**EXERCISE AIM**
The copy should hold only the line containing "Seasonally chic! White" and the lines after it through the end of the material, each exact, with no pictures.

**RECORDS TO USE**

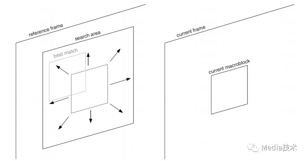 H.264提供了多种运动估计算法,在实际应用中要结合RD性能以及复杂度来选择出最佳算法。下图是ME过程的简单说明。当前帧的块在参考帧中的search area内找到最佳匹配块。
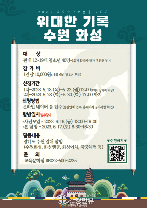 (경인뷰) 부평구 청소년수련관은 오는 30일까지 ‘역사 속으로 풍덩’ 2기에 참여할 관내 12~19세 청소년 40명을 선착순 모집한다.
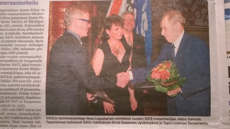 ![]() Tampereen alaosaston jäsen Aatos Sainio palkittiin SAUL:n vuoden 2015 miesurheilijana |
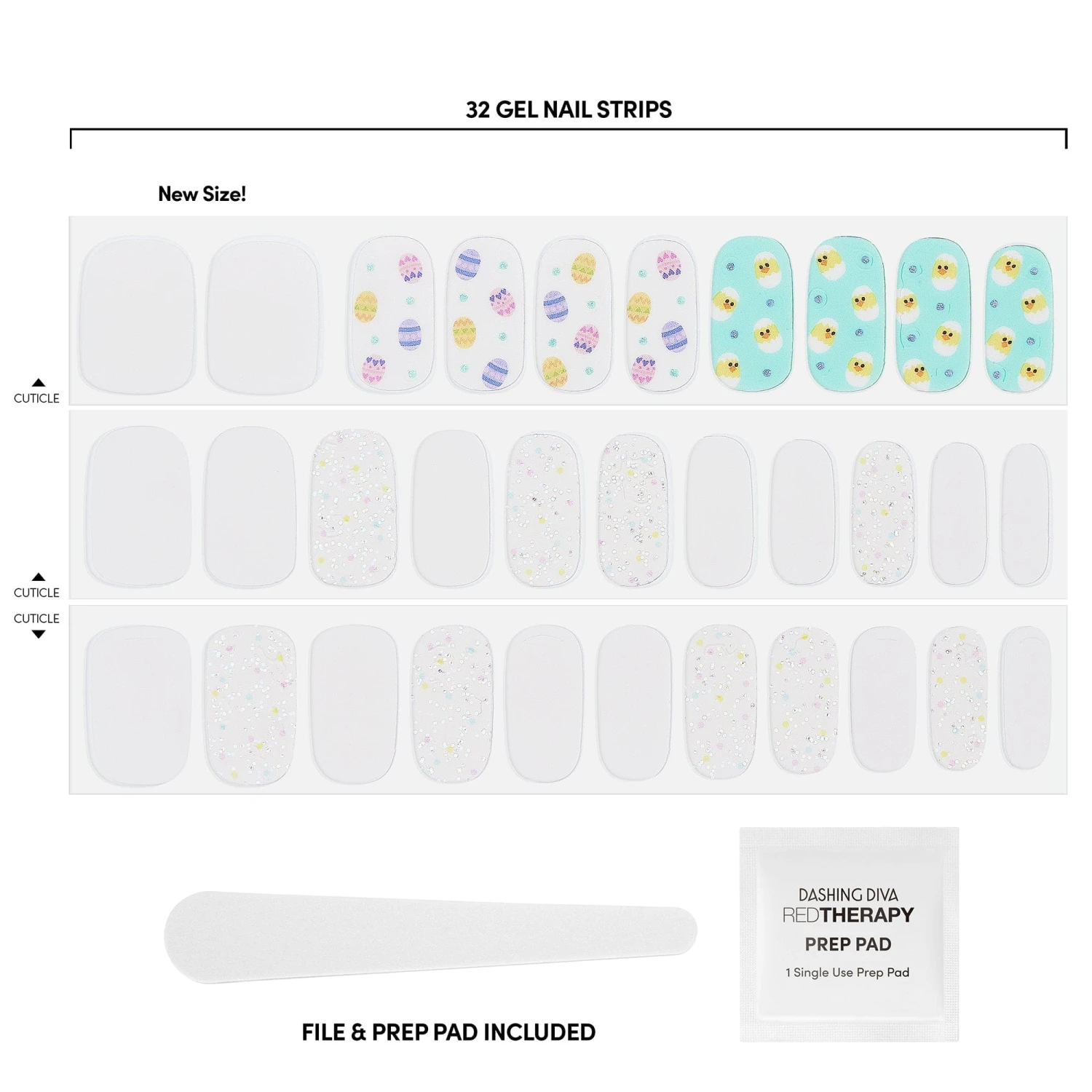 Seasonally chic! White and soft green gel nail strips featuring Easter eggs, baby chicks, and polka dots with a glossy, high-shine finish.
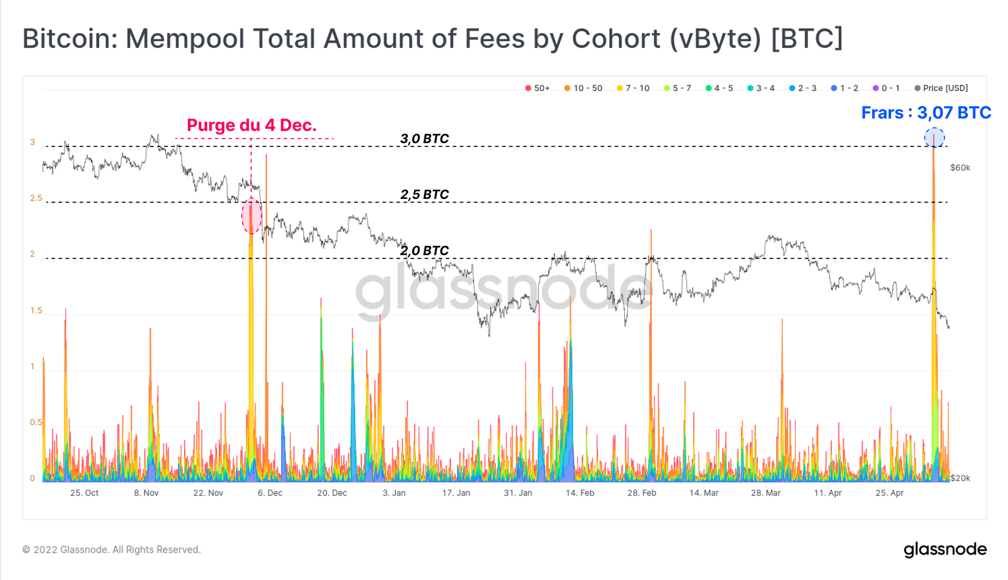 Nous pouvons également constater qu'un degré élevé d'urgence était associé à ces transactions, puisque la valeur totale de tous les frais de transaction on-chain payés a atteint 3,07 BTC.

**ANSWER AREA**
 Seasonally chic! White and soft green gel nail strips featuring Easter eggs, baby chicks, and polka dots with a glossy, high-shine finish.
 Nous pouvons également constater qu'un degré élevé d'urgence était associé à ces transactions, puisque la valeur totale de tous les frais de transaction on-chain payés a atteint 3,07 BTC.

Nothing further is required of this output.